Activity |
Drop every picture. Then return, exactly, the lines from the beginning of the listing below through the one containing "不仅是就业,在社会保障方面,今年,我国继".
———
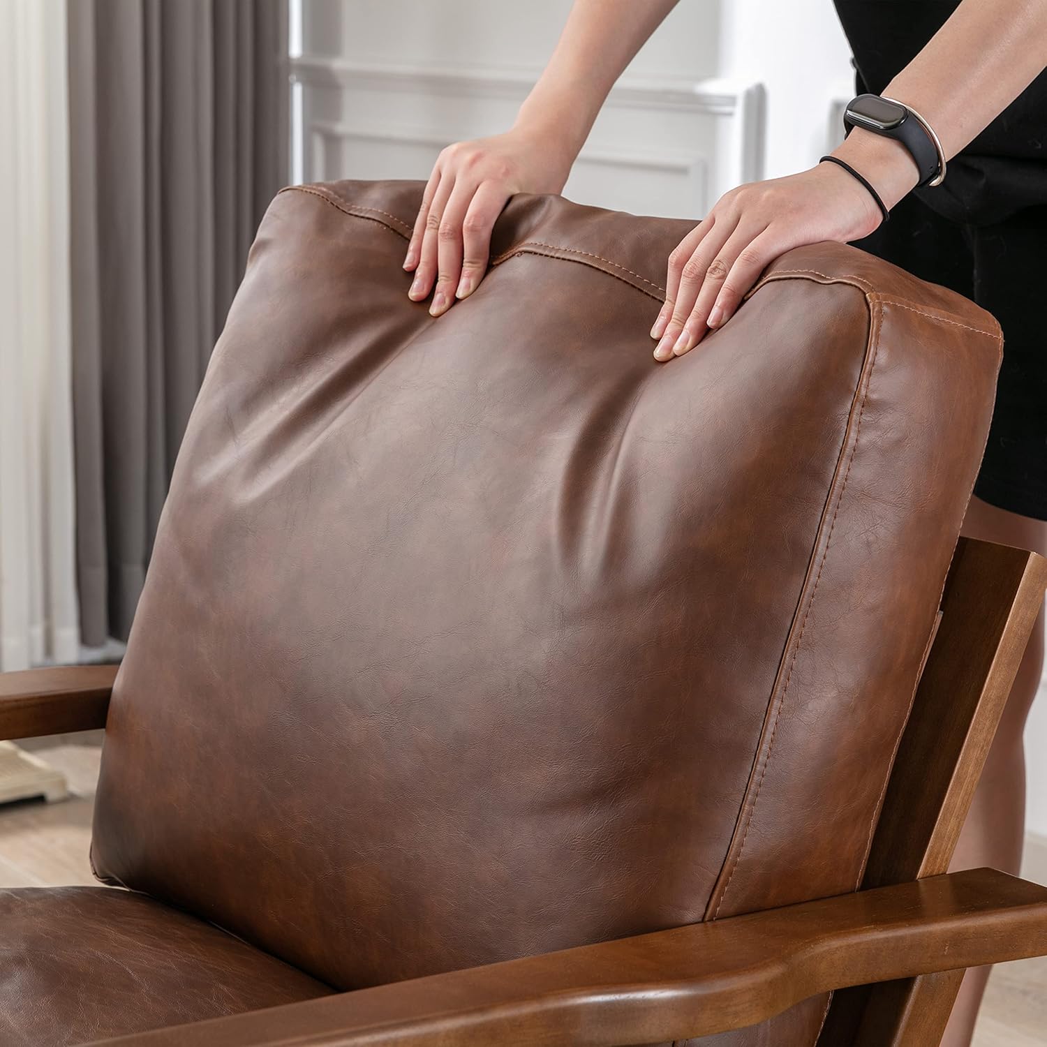 - Mid-century lounge chair, two super soft cushions are upholstered in brown PU leather which adds a retro touch to this accent chair. Both backrest and seat cushions are REMOVABLE
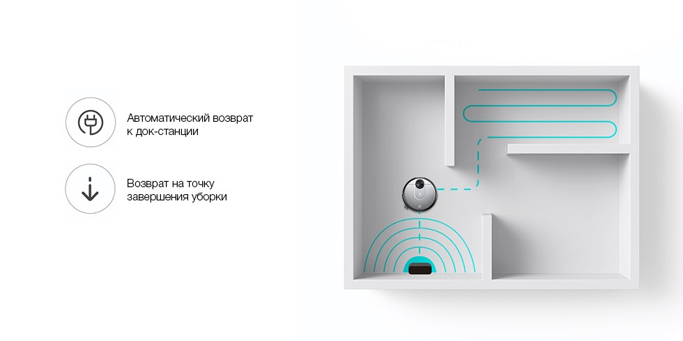 Устройство автоматически вернется на док-станцию при низком заряде,а затем вернется к месту где уборка была закончена. Избегайте повторной уборки, это позволит сэкономить время и повысит эффективность.
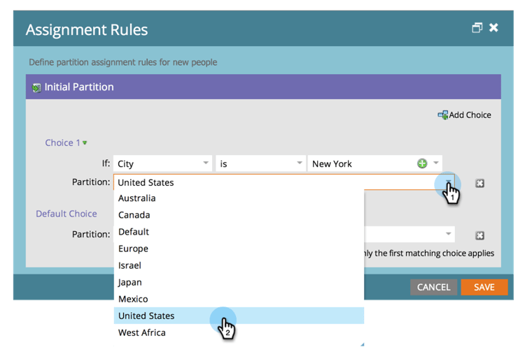 单击 Add Choice 可添加将人员路由到人员分区的条件。
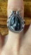 This artistic horseshoe ring is made with 6.00 ctw of natural, earth mined white buffalo stone (also known to some as white turquoise or white buffalo turquoise). The ring is set in solid .925 sterling silver with a black oxidation/patina finish for a more vintage look. The ring in the photos is the actual one you will receive, so please see photos for gemstone quality and measurements. Size 7.
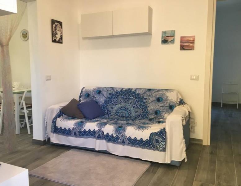 (45 mq) Appartamento al piano terra IN AFFITTO ESTIVO con piccolo giardino pavimentato, composto da: ingresso, sala con angolo cottura, bagno con doccia e camera matrimoniale. Completamente ristrutturato. Clima. no condominio. 2-3 p. L. No animali.
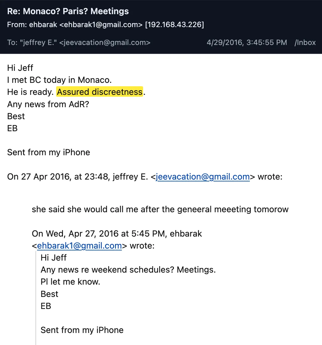 Deux jours plus tard, le 29 avril, Barak a écrit à Epstein : « J’ai rencontré BC [Boris Collardi] aujourd’hui à Monaco. Il est prêt. Discrétion assurée. Des nouvelles d’AdR [Ariane de Rothschild] ? »
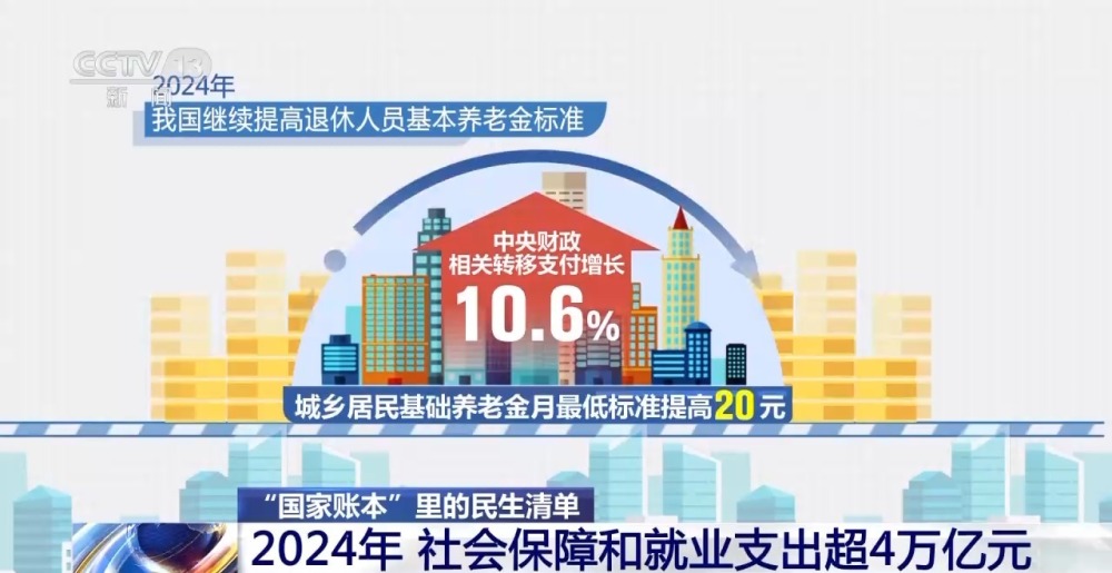 不仅是就业,在社会保障方面,今年,我国继续提高退休人员基本养老金标准,城乡居民基础养老金月最低标准提高20元,中央财政相关转移支付增长10.6%。
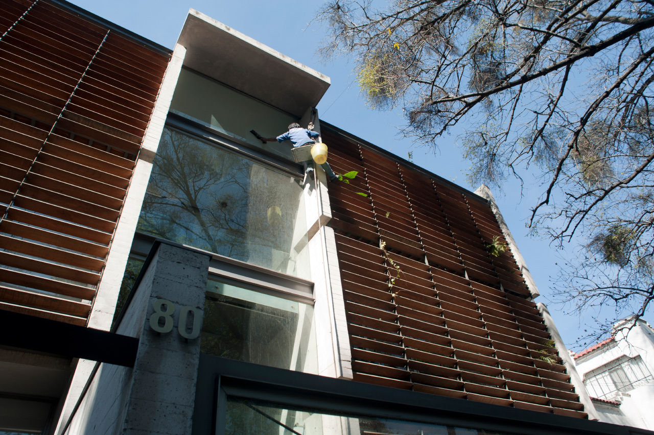 En el corazón de Polanco entre la avenida presidente Masaryk y el parque Lincoln se encuentra Aristoteles 80. Este proyecto residencial de alto nivel consta de 6 departamentos distribuidos en 4 pisos y un sótano para estacionamiento. Cada nivel se eficientó para aprovechar su máxima área habitable y rentabl, disponiendo simétricamente 2 unidades por nivel con circulación vertical centralizada. La fachada del edificio guarda las áreas sociales de los departamentos por lo cual se añadió una segunda piel de madera en forma de parteluces que dan privacidad y filtran la luz al interior para evitar el uso de cortinas y resaltar el carácter estético del edificio.
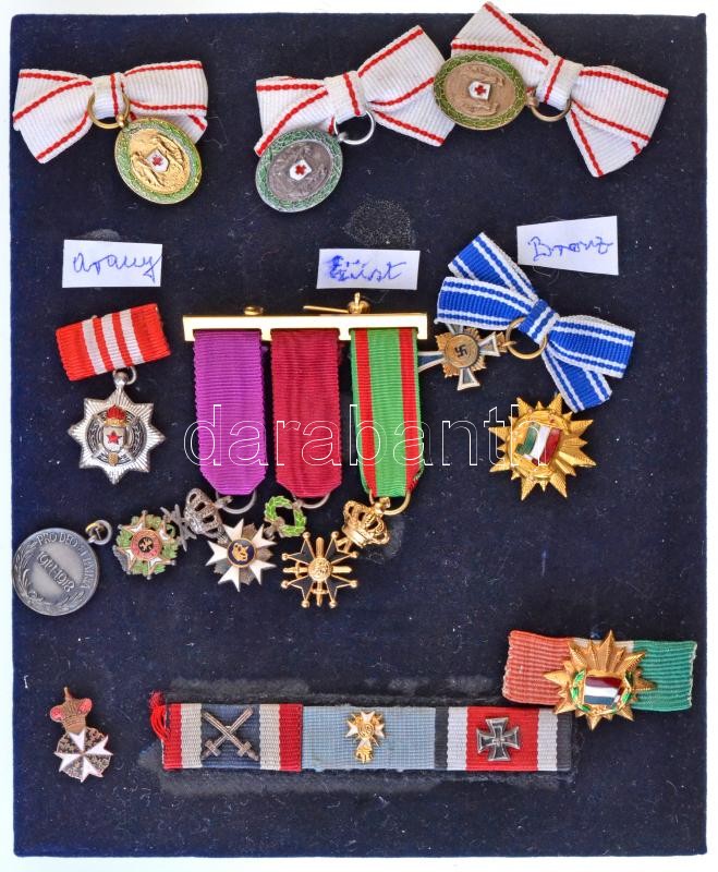 15db klf kitüntetéshez tartozó miniatűr, ebből 12db szalagsávon (néhány modern), közte "A Magyar Népköztársaság Zászlórendjének miniatűrje", "Magyar Háborús Emlékérem miniatűr", "Vörös Kereszt Díszérme miniatűr" T:1-,2 15pcs of diff decoration miniatures with 12pcs of thin ribbons (some modern pieces), including "Flag Order of the Hungarian People's Republic", "Hungarian Commemorative War Medal", "Red Cross, Medal of Honour" C:AU,XF
———
Task solution |
 - Mid-century lounge chair, two super soft cushions are upholstered in brown PU leather which adds a retro touch to this accent chair. Both backrest and seat cushions are REMOVABLE
 Устройство автоматически вернется на док-станцию при низком заряде,а затем вернется к месту где уборка была закончена. Избегайте повторной уборки, это позволит сэкономить время и повысит эффективность.
 单击 Add Choice 可添加将人员路由到人员分区的条件。
 This artistic horseshoe ring is made with 6.00 ctw of natural, earth mined white buffalo stone (also known to some as white turquoise or white buffalo turquoise). The ring is set in solid .925 sterling silver with a black oxidation/patina finish for a more vintage look. The ring in the photos is the actual one you will receive, so please see photos for gemstone quality and measurements. Size 7.
 (45 mq) Appartamento al piano terra IN AFFITTO ESTIVO con piccolo giardino pavimentato, composto da: ingresso, sala con angolo cottura, bagno con doccia e camera matrimoniale. Completamente ristrutturato. Clima. no condominio. 2-3 p. L. No animali.
 Deux jours plus tard, le 29 avril, Barak a écrit à Epstein : « J’ai rencontré BC [Boris Collardi] aujourd’hui à Monaco. Il est prêt. Discrétion assurée. Des nouvelles d’AdR [Ariane de Rothschild] ? »
 不仅是就业,在社会保障方面,今年,我国继续提高退休人员基本养老金标准,城乡居民基础养老金月最低标准提高20元,中央财政相关转移支付增长10.6%。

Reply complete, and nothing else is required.